Inventiva (IVA) Piper Sandler 37th Annual Healthcare Conference summary

Key objectives and recent progress

• Successfully completed a fundraising round, strengthening the balance sheet for upcoming milestones in 2026.

• Fully enrolled the Phase III NATiV3 trial for lanifibranor in MASH, with a data readout expected in the second half of next year.

• Expanded the management team with experienced leaders in clinical, regulatory, and medical roles.

• Preparing for market entry of an oral therapy for F2/F3 MASH patients.

• Planning a study in compensated F4 cirrhotics to meet regulatory outcome requirements.

Clinical development and study design

• NATiV3 is a large, global Phase III trial with 1,900 patients, including a higher proportion of diabetics and F3 patients.

• The study uses a co-primary endpoint (MASH resolution and fibrosis improvement), minimizing placebo response and aligning with regulatory expectations.

• Biopsy handling and reading protocols follow industry standards, using consensus reading and blinding.

• AI-based histology is included as an exploratory add-on, not part of the primary endpoint.

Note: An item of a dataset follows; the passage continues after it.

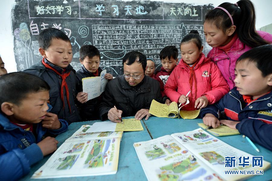 2008年秋,寺坪镇为小学三年级以上的学生开设了英语课,这使英语老师成为“稀缺资源”,为了让山里娃学到英语,当时41岁的寺坪镇中心学校英语教师阮班琼主动接手了全镇小学的英语巡回教学任务,从此便开始了他巡回支教的“长征路”。 5年来,阮班琼克服路途遥远、交通不便等困难,风雨无阻地穿行于全镇5所乡村小学之间,每天一个来回,每周要往返150多公里的山路。寺坪镇中心学校曾经让阮班琼回到镇中心学校教书,结束支教生涯,但阮班琼已经对5所走教学校的师生有了深厚感情,他说虽然很辛苦,但为了农村边远地区的学生能学到英语、享受公平的教育,他愿意把汗水继续洒在这条充满希望的路上。新华社发(杨韬 摄)
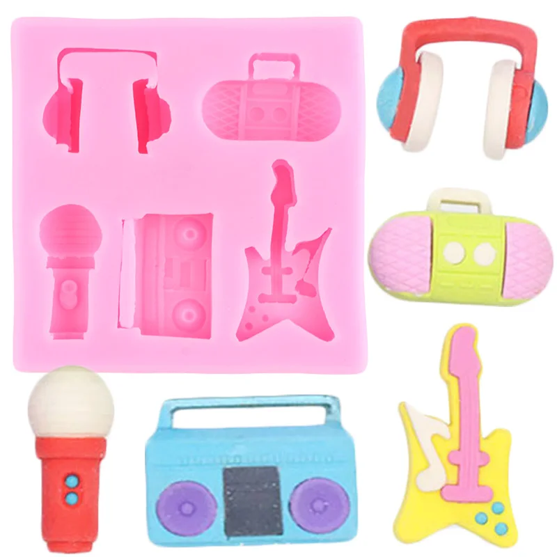 Радио микрофон гитара силиконовая смола плесень Музыка Примечание инструменты для украшения тортов из мастики кекс «сделай сам» Топпер шоколадные конфеты формы

• The trial includes a significant cohort on baseline GLP-1 therapy, enabling future analysis of combination effects.

Competitive landscape and product positioning

• Lanifibranor is expected to be the third agent to market after Rezdiffra and semaglutide for MASH.

• GLP-1s dominate early-stage (F1–F3) MASH, but compliance and antifibrotic effects are limited.

• FGF21s target F4 but face challenges in F3 due to toxicity and administration route.

• Lanifibranor offers both antidiabetic and antifibrotic benefits, with a strong effect size in Phase IIb data.

• Expected to be competitive for both diabetic and non-diabetic MASH patients, especially in F3.